# Pointer array's and ASCII to bit conversion

This is a discussion on Pointer array's and ASCII to bit conversion within the C++ Programming forums, part of the General Programming Boards category; I need to know some information: 1) In my code, i use a double for loop to run through a ...

1. ## Pointer array's and ASCII to bit conversion

I need to know some information:
1)
In my code, i use a double for loop to run through a two dimensional pointer array, setting each slot to point to a new struct. When i set the data in the struct, is this the appropriate syntax?:
*pointer[x][y].variable_to_modify = (variable amount)
2)
I need to know how to take an ASCII character and convert it into its bit equivalent, and then store the bits into an integer array

I really appreciate any help.

2. 1) Try it.

2) I would say: convert the char to an int, which you can do by assigning it to an int variable, then figure out whether there is a 2^6 th in the number, then whether there is a 2^5th in the number, 2^4th, etc. If the int is bigger than 2^6th, then store a 1 in your array, otherwise store a 0 in your array.
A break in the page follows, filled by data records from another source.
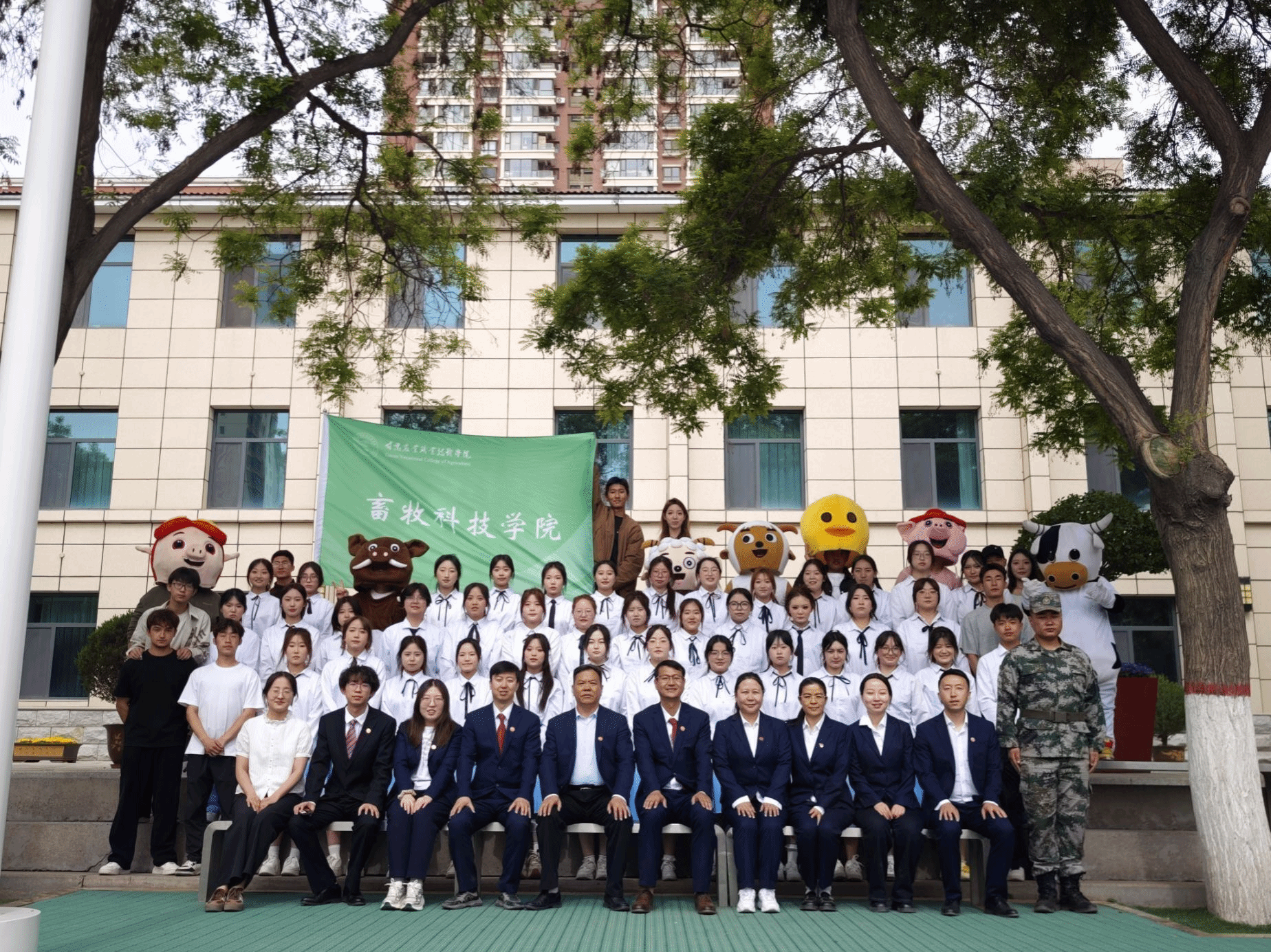 看那猎猎翻卷的6×9米巨幅院旗!蔚蓝旗面如广袤草原,金黄色院徽绽放科技锋芒。昭示着现代畜牧人“把论文写在大地上”的豪情壮志!看那白鸽飞起,象征着和平、希望;象征着放飞梦想;象征着学院的发展蒸蒸日上;象征着学子们大鹏展翅、前程似锦的远大抱负!
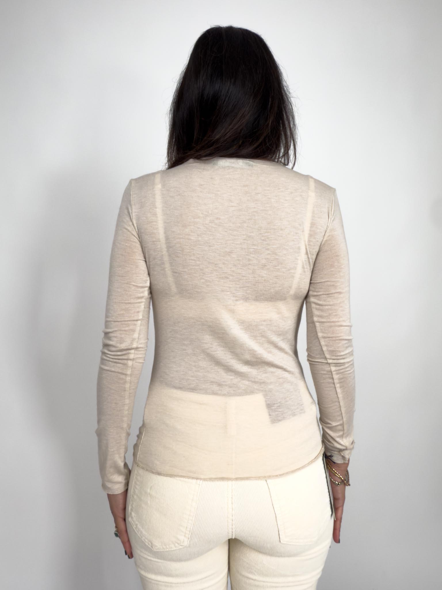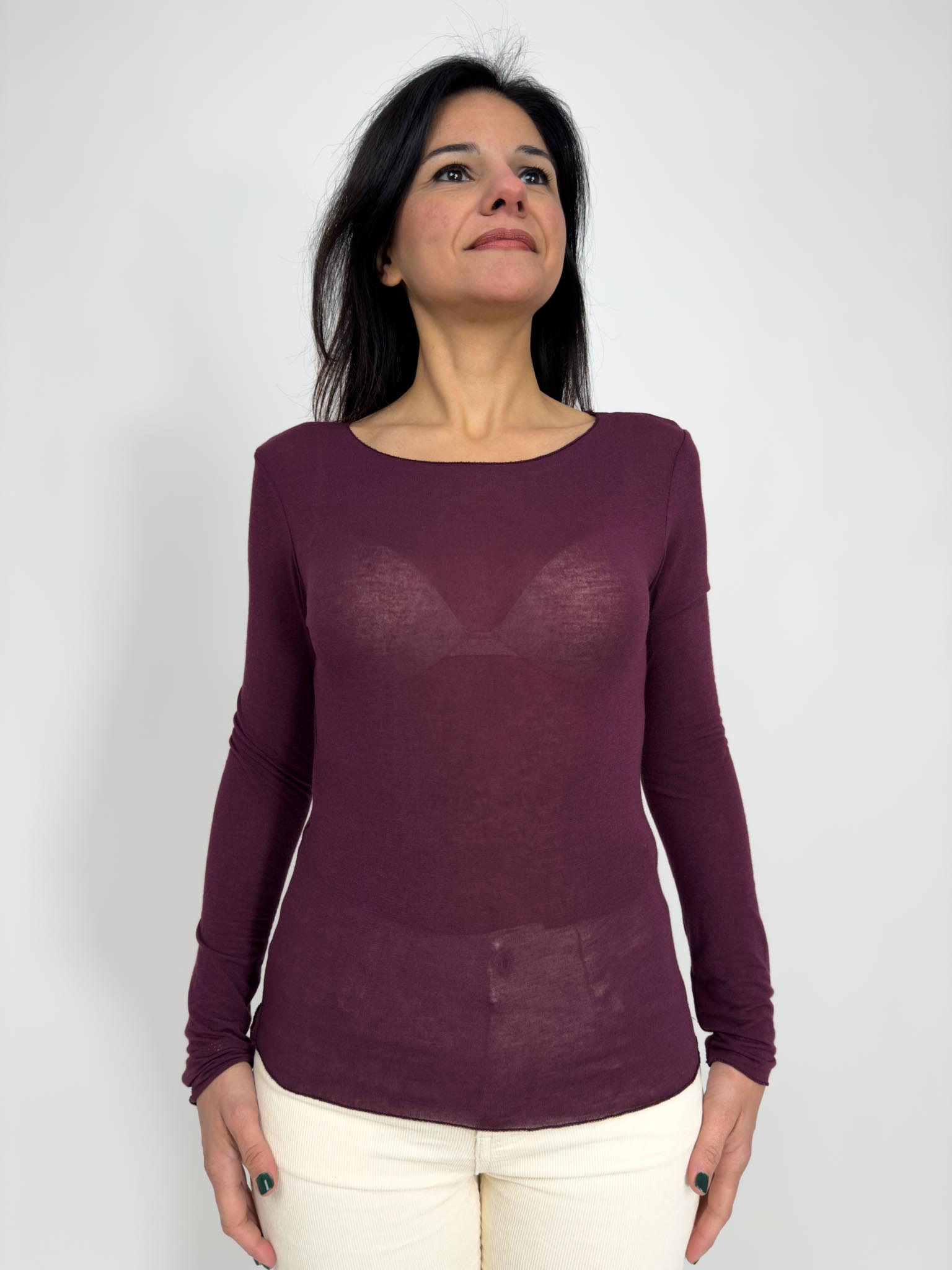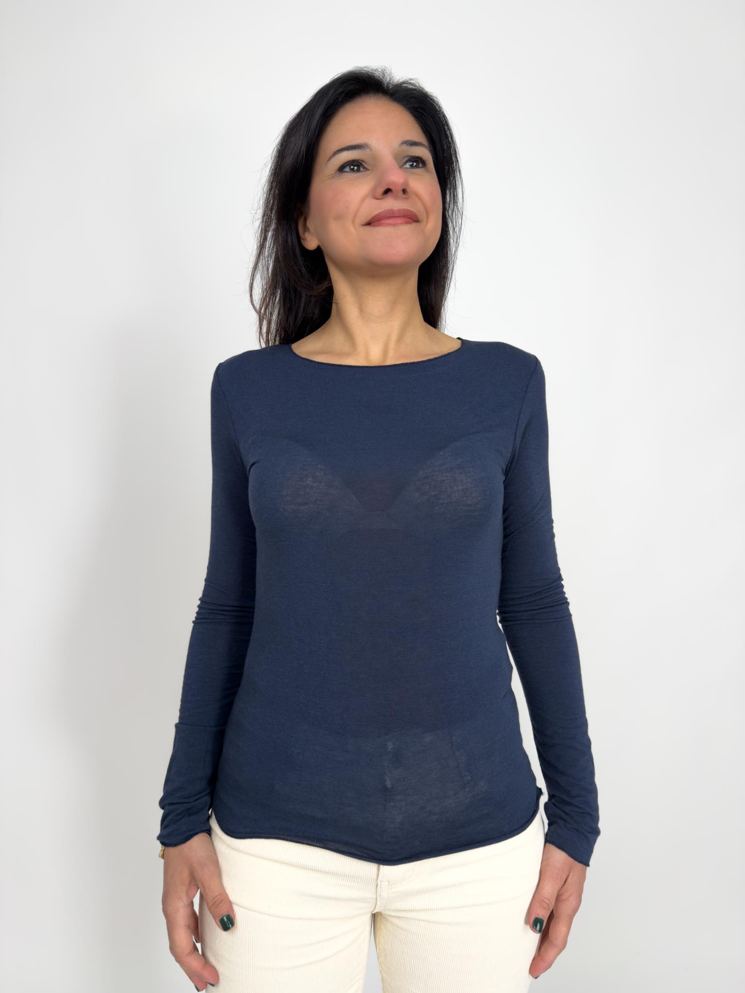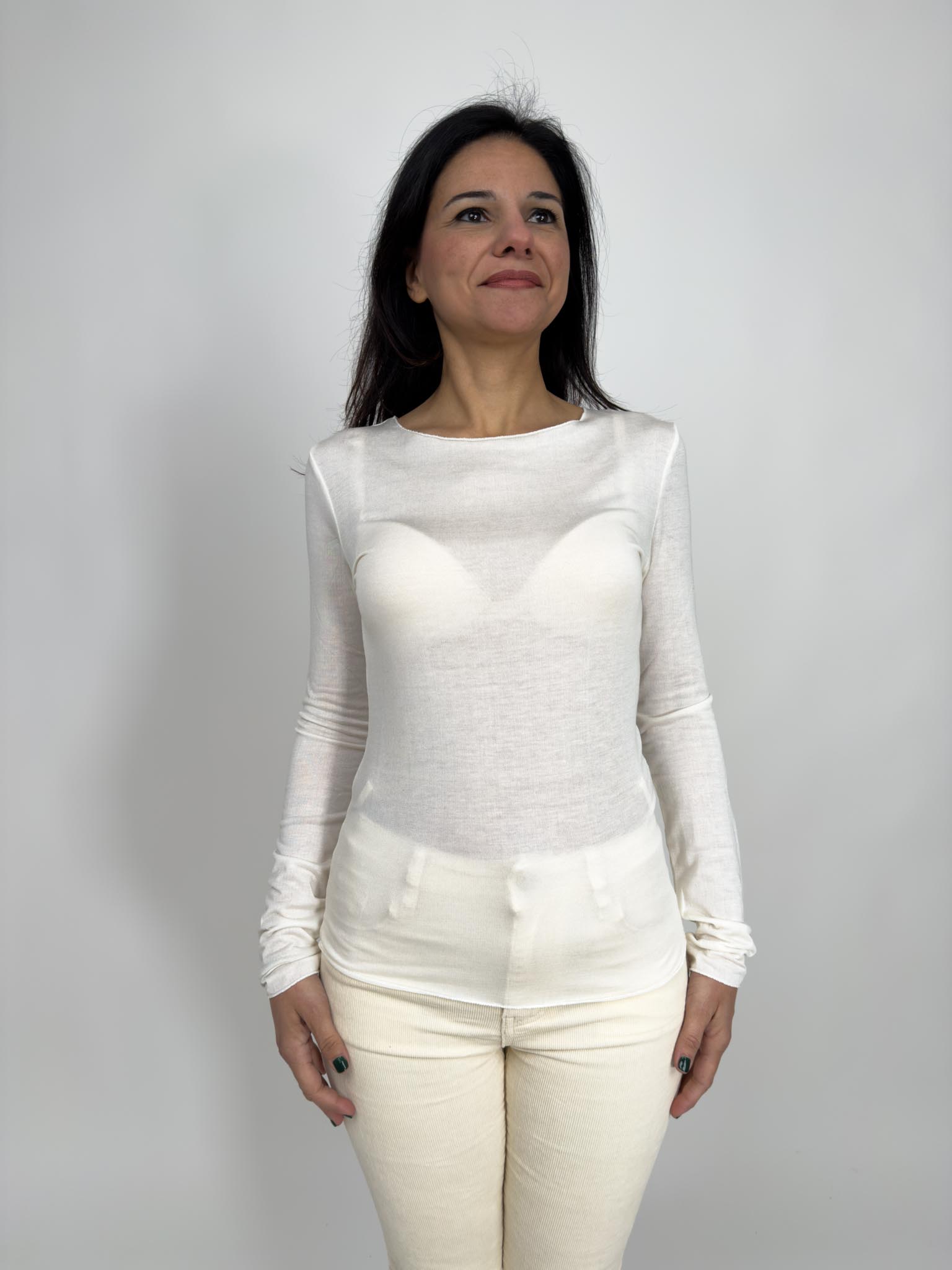 Sotto giacca aderente in misto cashmere, scollo barchetta.
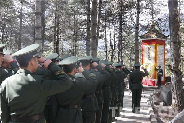 圖為駐通麥官兵緬懷“川藏線十英雄”。攝影:李志龍
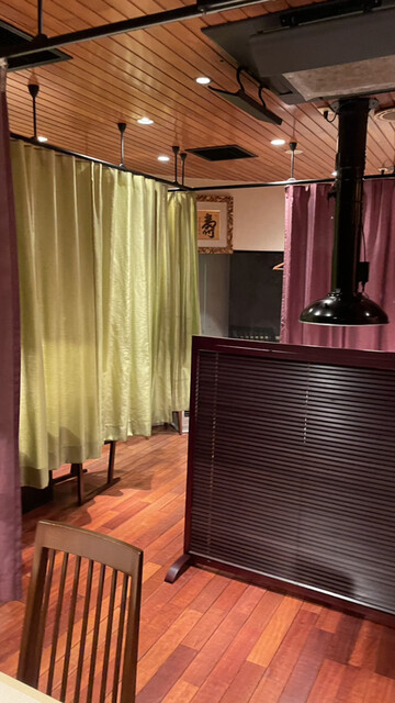 掘りごたつタイプのお座敷にカーテンで仕切られる半個室のテーブル席も有り
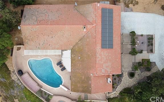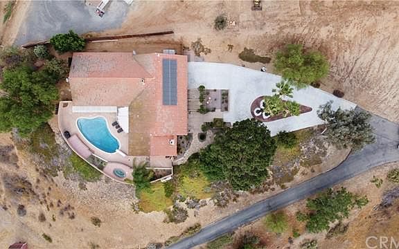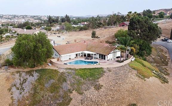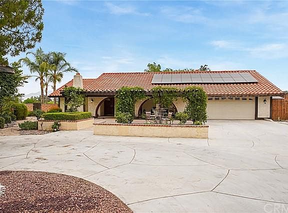 This private hilltop estate in Riverside has everything on your list: Expansive views? Check. A backyard oasis? Check. Solar power, plenty of parking and lots of natural light? Check, check & check! This Mediterranean-style home sits atop a long, circular driveway lined with mature trees. The curb appeal wows with a landscaped courtyard, a trellis and beautiful archways on the faade. Step into the foyer to find vaulted, timber-framed ceilings, Spanish tiles and a cozy brick fireplace. But your eye will be immediately drawn to the huge triple-sliding door that leads out to that fantastic backyard. This space has something for everyone -- you can grill up dinner uder the covered patio, while guests relax in the pool. All of you will appreciate those stunning canyon views in every direction. Back inside, your spacious kitchen includes granite countertops, recessed lighting, tons of cabinet space and a breakfast bar overlooking the dining area. The rest of the home has a great layout, with the primary suite getting its own wing with pool access. The guest rooms share the hallway bathroom, which has been updated with all of the same finishes found in the primary ensuite. Theres even a bonus room that would make a great office or remote-learning spot. This property includes eight conventional parking spots, plus a spot to store your RV or boat. Lots of buyers are searching for a MOVE-IN-READY home with a pool, land, views and lots of privacy -- just like this one. Make your appointment before someone else does.
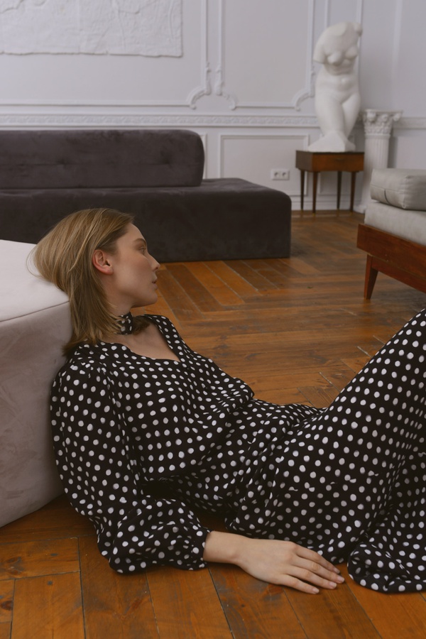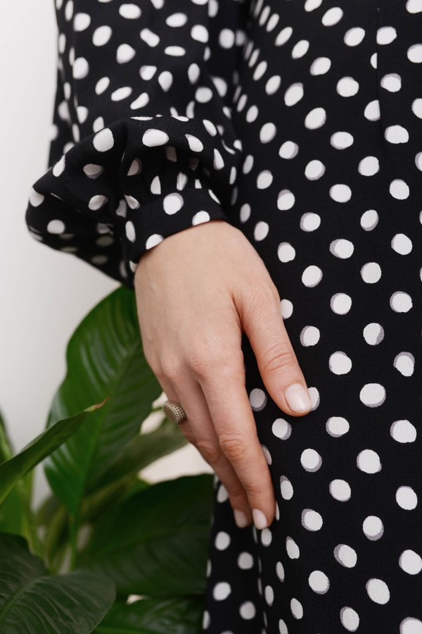 Платье с V вырезом в горошек, черное
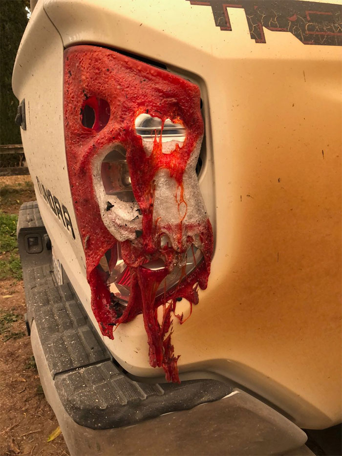 ▼艾林也開玩笑的表示,愛車變成了一顆經過燒烤的棉花糖模樣。
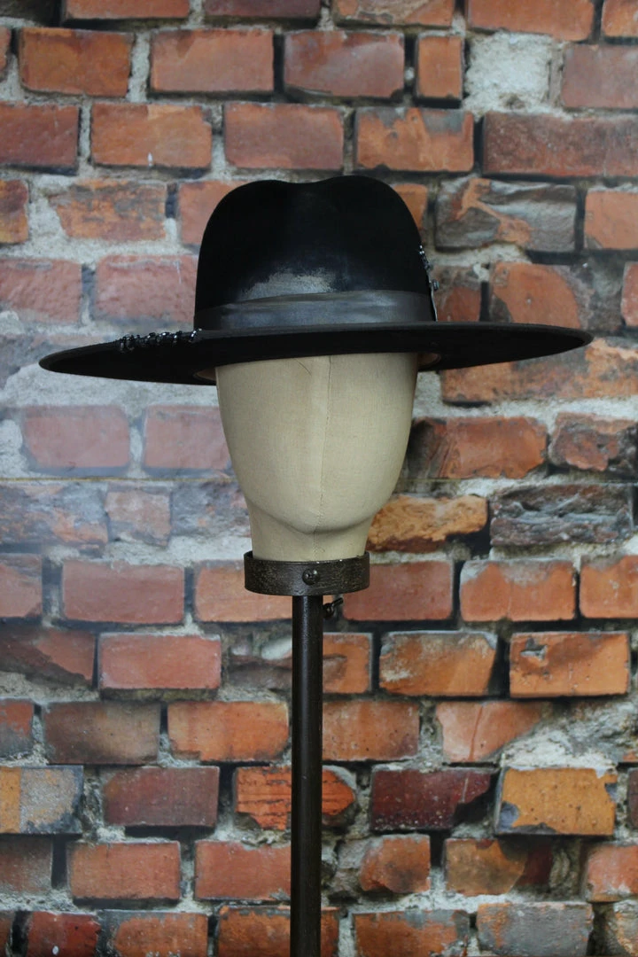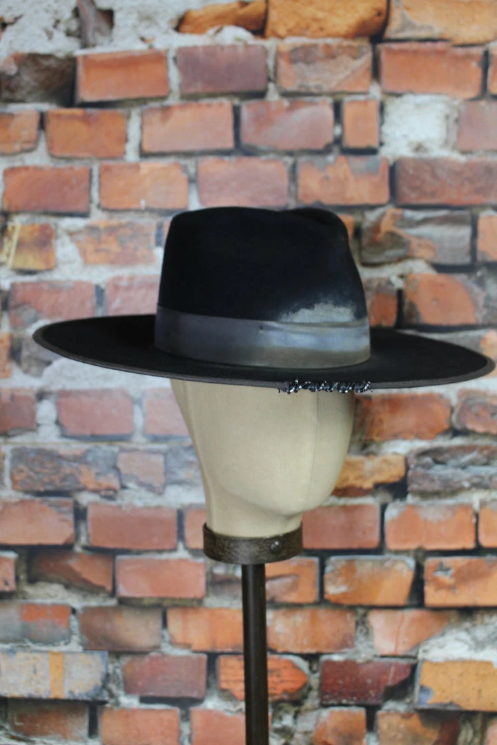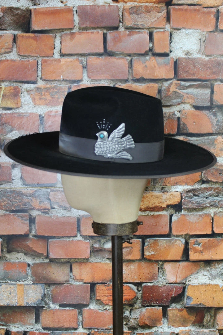 A cross between a men’s fedora and the classic cowboy hat, the large flat brim is the trendiest hat is women’s wear right now. Featuring a pinched fedora crown, a broad 4-inch brim, grosgrain band, silver dove Milagro and light hand-beading.

Subtract 2^6th from the int if the int is bigger and proceed.

3. Originally Posted by 7stud
1) Try it.

2) I would say: convert the char to an int, which you can do by assigning it to an int variable, then figure out whether there is a 2^6 th in the number, then whether there is a 2^5th in the number, 2^4th, etc. If the int is bigger than 2^6th, then store a 1 in your array, otherwise store a 0 in your array. Subtract 2^6th from the int if the int is bigger and proceed.
How so? with a for loop testing if the letter-number % (modulus) x (x being the power to test for) = 0? (for those that don't know, modulus returns the remainder of an uneven division operation)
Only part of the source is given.